THE INPUT:

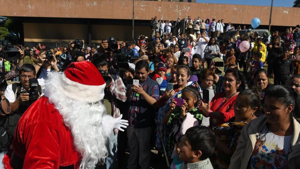Con su distintivo “jo, jo, jo”, Santa se acercó a los menores, quienes aprovecharon a abrazarlo y compartir con él. Además, recibieron los regalos que el hombre de la barba blanca y saco rojo les llevaba.
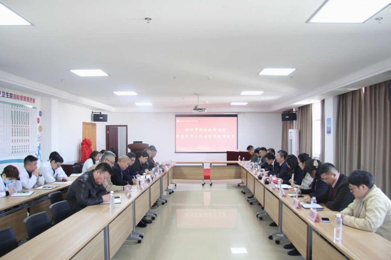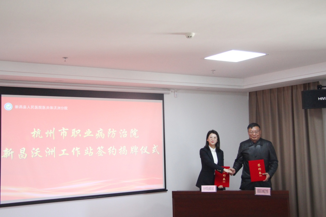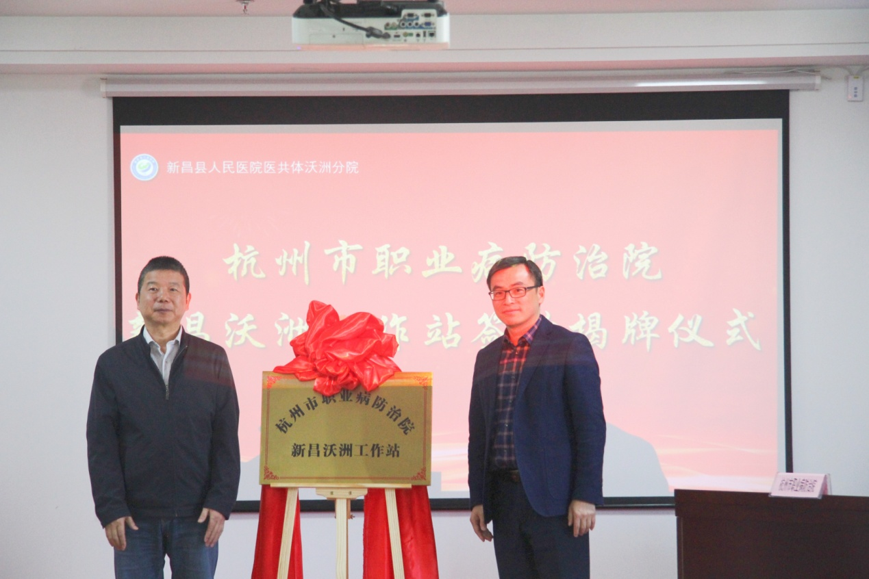 11月20日上午,杭州市职业病防治院新昌沃洲工作站签约揭牌仪式在绍兴市新昌县人民医院医共体沃洲分院(沃洲镇卫生院)举行。
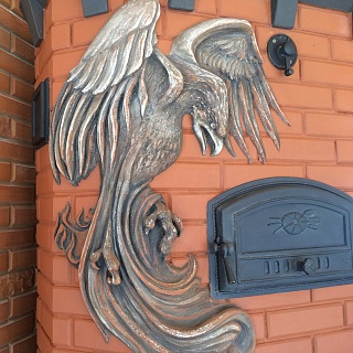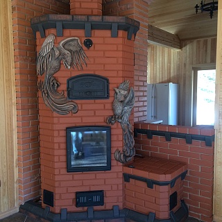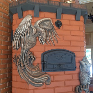 Печь выполнена мастером-печником и полномочным представителем Русского печного общества Максимом Герасимовым. Изюминкой печи являются объемные фигуры в виде птиц на кирпичной кладке.
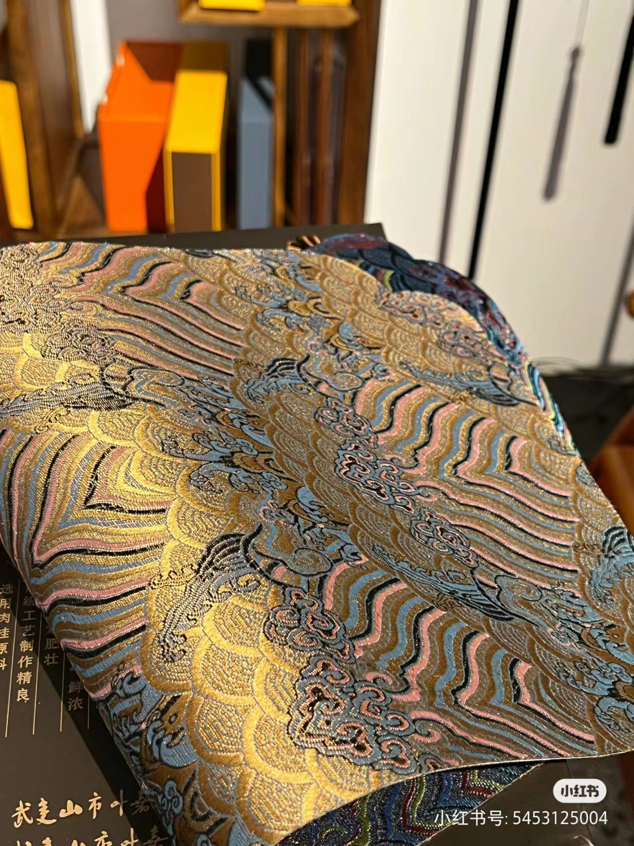 云錦:云錦是中國傳統(tǒng)的絲綢工藝品,源于中國戰(zhàn)國時期,以南京云錦最為著名。云錦的主要特點是使用提花木機和手工織造,其圖案豐富多彩,有線、有線、有云、有山水、有花鳥等,色彩鮮艷,富麗堂皇,被譽為“東方藝術瑰寶”。
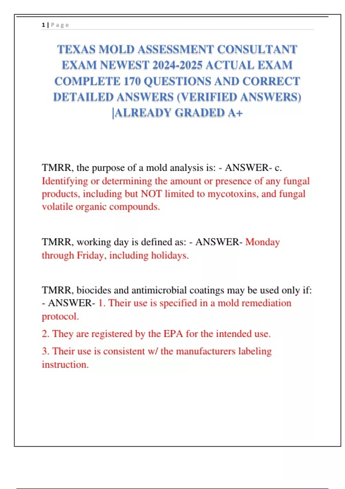 TEXAS MOLD ASSESSMENT CONSULTANT EXAM NEWEST ACTUAL EXAM COMPLETE 170 QUESTIONS AND CORRECT DETAILED ANSWERS (VERIFIED ANSWERS) |ALREADY GRADED A+
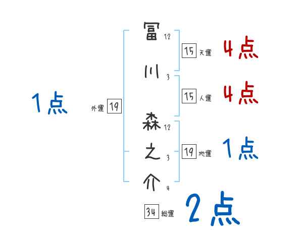 冨川森之介さんの画数の鑑定結果
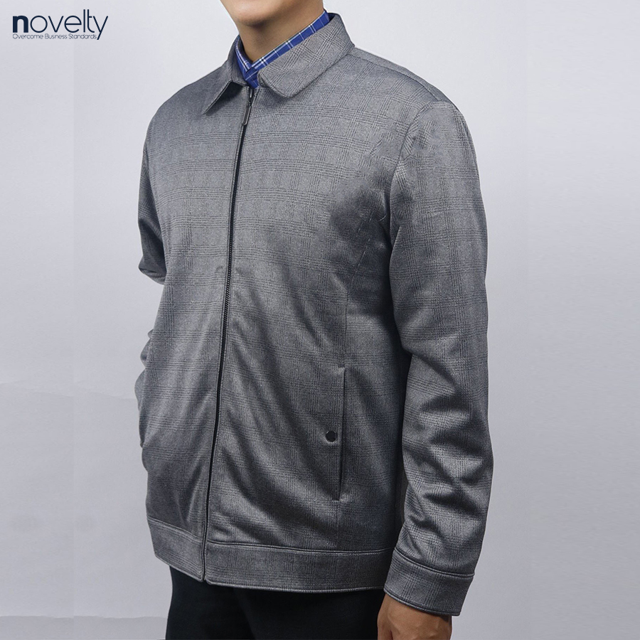Áo Jacket nam 2 lớp cổ bẻ Novelty Casual caro nhỏ xám NJKMCNMT3B2305342
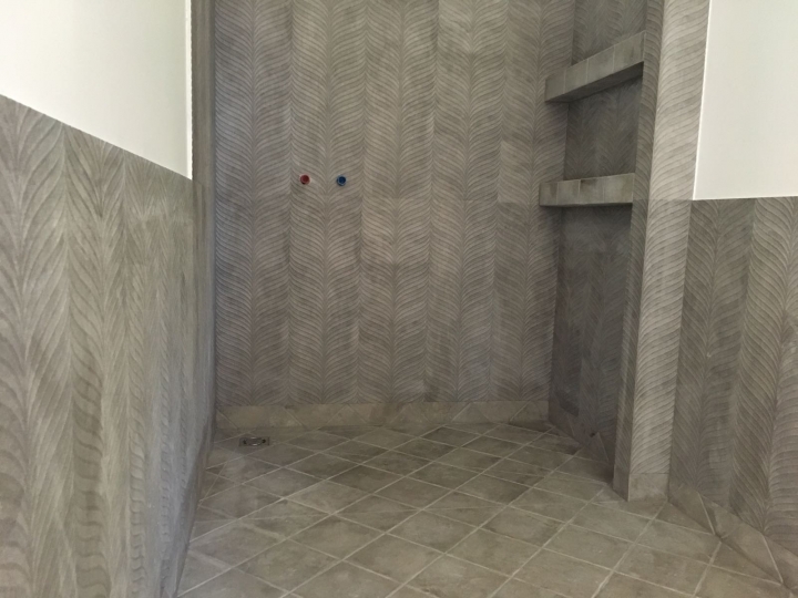 Douche à l'italienne, Lettonie Nous avons fini une douche à l'italienne avec une pose de carrelage et des plinthes en diagonale.
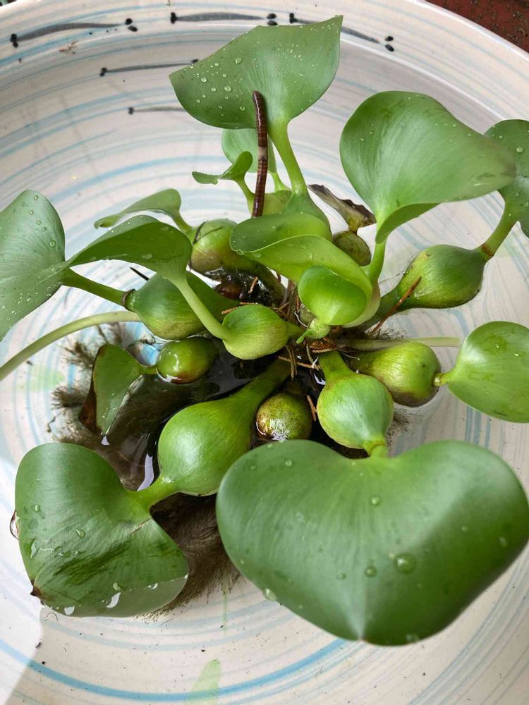 今日小さい川?大きい溝?に、どんぶらこと、布袋草が流れてきました(≧∀≦)、あわてて傘☂️ですくいました。よく見たらミミズ🪱が💦
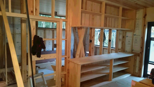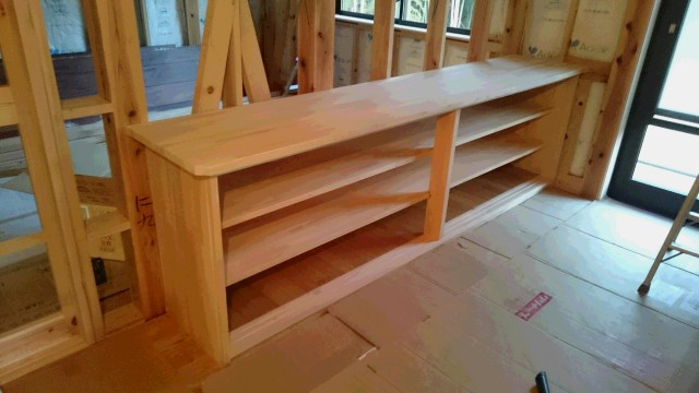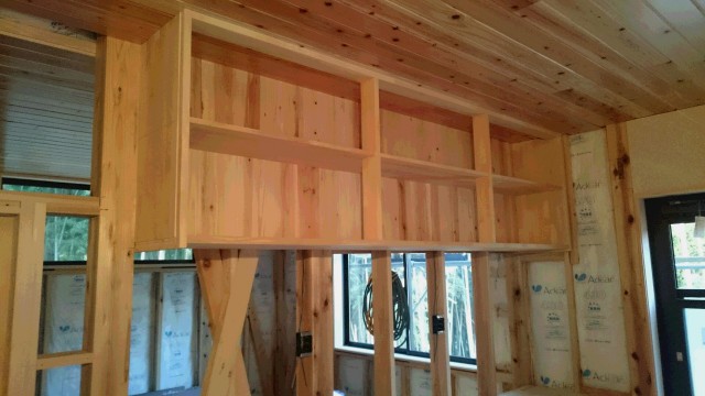 キッチンの食器棚が完成しました。棚には後で扉が付きます。
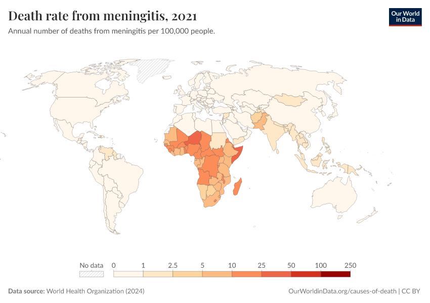 World Health Organization (2024) – with major processing by Our World in Data. “Death rate from meningitis” [dataset]. World Health Organization, “Global Health Estimates” [original data]. Retrieved February 28, 2026 from https://data-diet-americans.owid.pages.dev:8789/20250909-093708/grapher/death-rate-from-meningitis-who.html (archived on September 9, 2025).
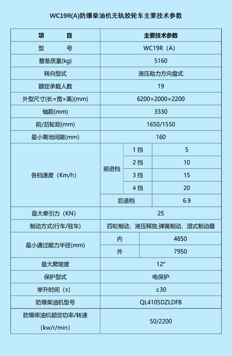 - 產(chǎn)品名稱:WC19R(A)四驅(qū)防爆柴油機(jī)無軌膠輪車
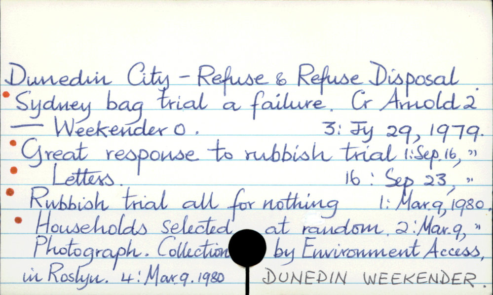 Dunedin Public Libraries (20th Sep 2017). Dunedin City - Refuse and refuse disposal. In Website Dunedin Public Libraries. Retrieved 2nd Apr 2026 15:47, from https://dunedin.recollect.co.nz/nodes/view/114937
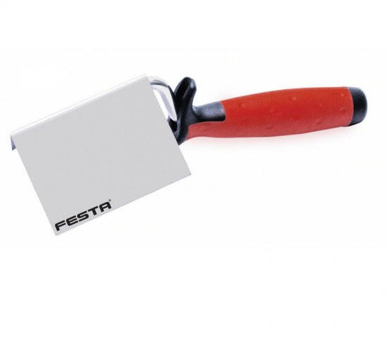 FESTA saroksimító kanál, rozsdamentes acélból, két komponensű, ergonomikus gumi nyéllel. A sarokkanál kiváló minőségű rozsdamentes acélból készült, vastagsága 1,0 mm, nyele gumi, ergonomikus kialakítású. A simító a falak belső éleinek, sarkainak simítására, beállítására és tisztítására szolgál. Műszaki adatok: Anyaga: Rozsdamentes acél, 1,0mm Mérete: 80x60x
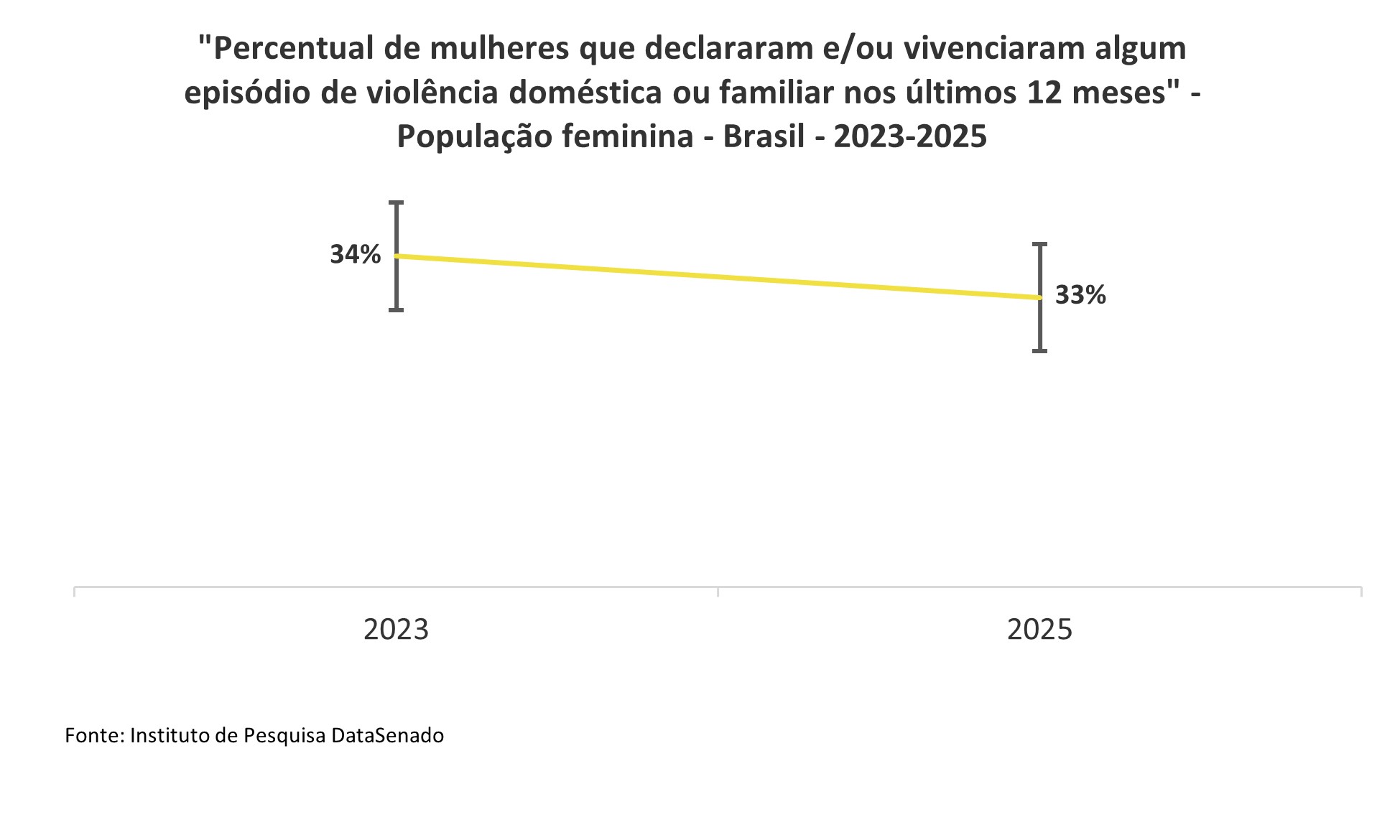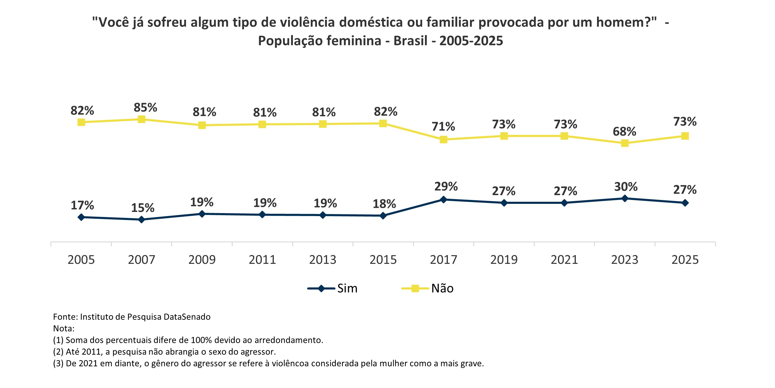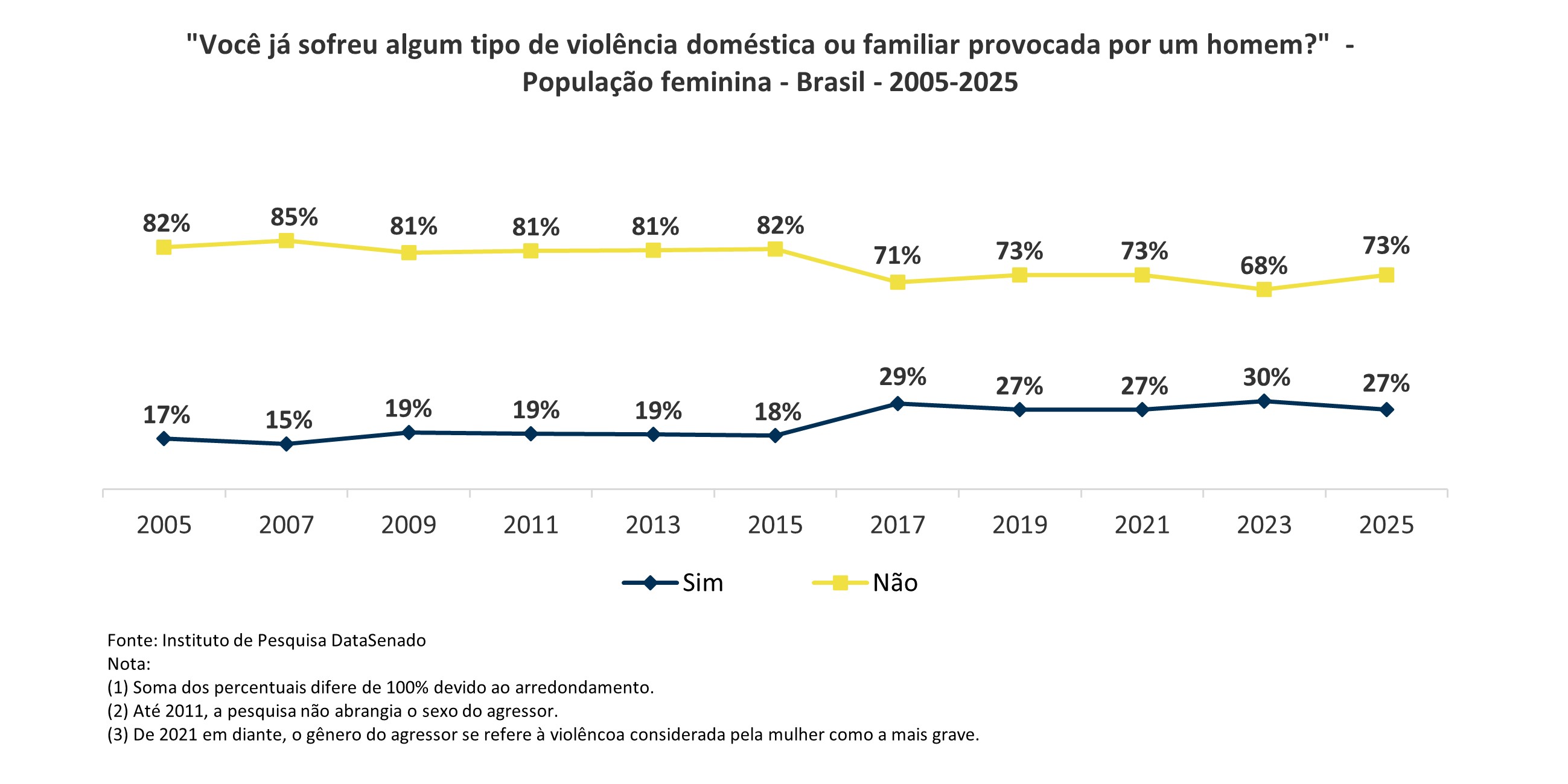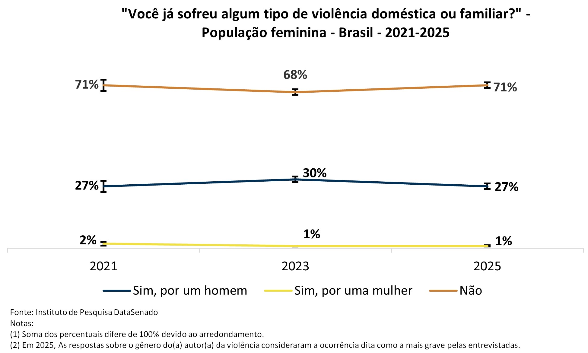 Em relação à violência declarada em algum momento da vida, estima-se que, em 2025, 27% das brasileiras já tenham passado por essa agressão. Esse percentual teve redução significativa quando comparado aos resultados de 2023, e agora retorna ao patamar observado em 2021.
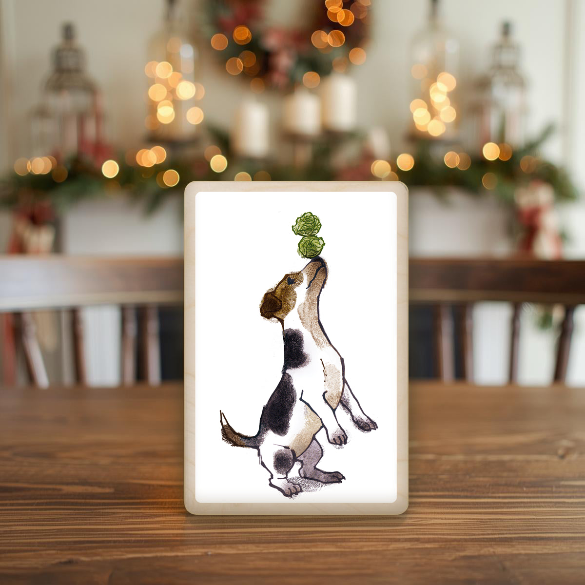 Dog and Sprouts – Christmas card - Wooden Postcard
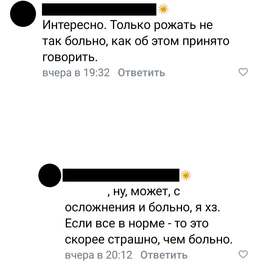 Итак, факт первый. Роды - абсолютно безболезненный процесс. Есть страх, да, но боли никакой нет. А если у вас есть хоть какая-то боль, то вы сами виноваты. Это у вас просто патология или осложнения. Вот мнение мамы двоих детей:
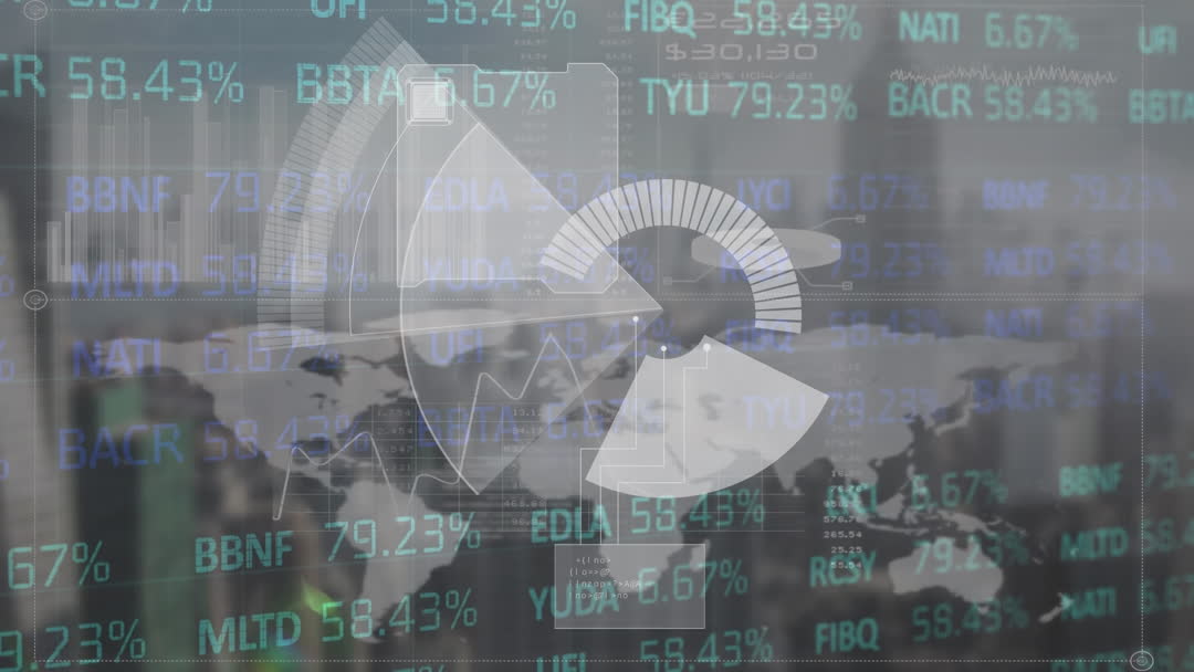 Animation overlays dynamic financial data, including stock prices and economic figures, on a world map backdrop. Presenting concepts of global finance and market analysis. Perfect for illustrating themes in business publications, financial analysis reports, and digital finance content.

EXERCISE DETAILS: Print the data again word for word, pictures excluded.

THE COMPLETED TASK:
Con su distintivo “jo, jo, jo”, Santa se acercó a los menores, quienes aprovecharon a abrazarlo y compartir con él. Además, recibieron los regalos que el hombre de la barba blanca y saco rojo les llevaba.
 11月20日上午,杭州市职业病防治院新昌沃洲工作站签约揭牌仪式在绍兴市新昌县人民医院医共体沃洲分院(沃洲镇卫生院)举行。
 Печь выполнена мастером-печником и полномочным представителем Русского печного общества Максимом Герасимовым. Изюминкой печи являются объемные фигуры в виде птиц на кирпичной кладке.
 云錦:云錦是中國傳統(tǒng)的絲綢工藝品,源于中國戰(zhàn)國時期,以南京云錦最為著名。云錦的主要特點是使用提花木機和手工織造,其圖案豐富多彩,有線、有線、有云、有山水、有花鳥等,色彩鮮艷,富麗堂皇,被譽為“東方藝術瑰寶”。
 TEXAS MOLD ASSESSMENT CONSULTANT EXAM NEWEST ACTUAL EXAM COMPLETE 170 QUESTIONS AND CORRECT DETAILED ANSWERS (VERIFIED ANSWERS) |ALREADY GRADED A+
 冨川森之介さんの画数の鑑定結果
Áo Jacket nam 2 lớp cổ bẻ Novelty Casual caro nhỏ xám NJKMCNMT3B2305342
 Douche à l'italienne, Lettonie Nous avons fini une douche à l'italienne avec une pose de carrelage et des plinthes en diagonale.
 今日小さい川?大きい溝?に、どんぶらこと、布袋草が流れてきました(≧∀≦)、あわてて傘☂️ですくいました。よく見たらミミズ🪱が💦
 キッチンの食器棚が完成しました。棚には後で扉が付きます。
 World Health Organization (2024) – with major processing by Our World in Data. “Death rate from meningitis” [dataset]. World Health Organization, “Global Health Estimates” [original data]. Retrieved February 28, 2026 from https://data-diet-americans.owid.pages.dev:8789/20250909-093708/grapher/death-rate-from-meningitis-who.html (archived on September 9, 2025).
 - 產(chǎn)品名稱:WC19R(A)四驅(qū)防爆柴油機(jī)無軌膠輪車
 Dunedin Public Libraries (20th Sep 2017). Dunedin City - Refuse and refuse disposal. In Website Dunedin Public Libraries. Retrieved 2nd Apr 2026 15:47, from https://dunedin.recollect.co.nz/nodes/view/114937
 FESTA saroksimító kanál, rozsdamentes acélból, két komponensű, ergonomikus gumi nyéllel. A sarokkanál kiváló minőségű rozsdamentes acélból készült, vastagsága 1,0 mm, nyele gumi, ergonomikus kialakítású. A simító a falak belső éleinek, sarkainak simítására, beállítására és tisztítására szolgál. Műszaki adatok: Anyaga: Rozsdamentes acél, 1,0mm Mérete: 80x60x
 Em relação à violência declarada em algum momento da vida, estima-se que, em 2025, 27% das brasileiras já tenham passado por essa agressão. Esse percentual teve redução significativa quando comparado aos resultados de 2023, e agora retorna ao patamar observado em 2021.
 Dog and Sprouts – Christmas card - Wooden Postcard
 Итак, факт первый. Роды - абсолютно безболезненный процесс. Есть страх, да, но боли никакой нет. А если у вас есть хоть какая-то боль, то вы сами виноваты. Это у вас просто патология или осложнения. Вот мнение мамы двоих детей:
 Animation overlays dynamic financial data, including stock prices and economic figures, on a world map backdrop. Presenting concepts of global finance and market analysis. Perfect for illustrating themes in business publications, financial analysis reports, and digital finance content.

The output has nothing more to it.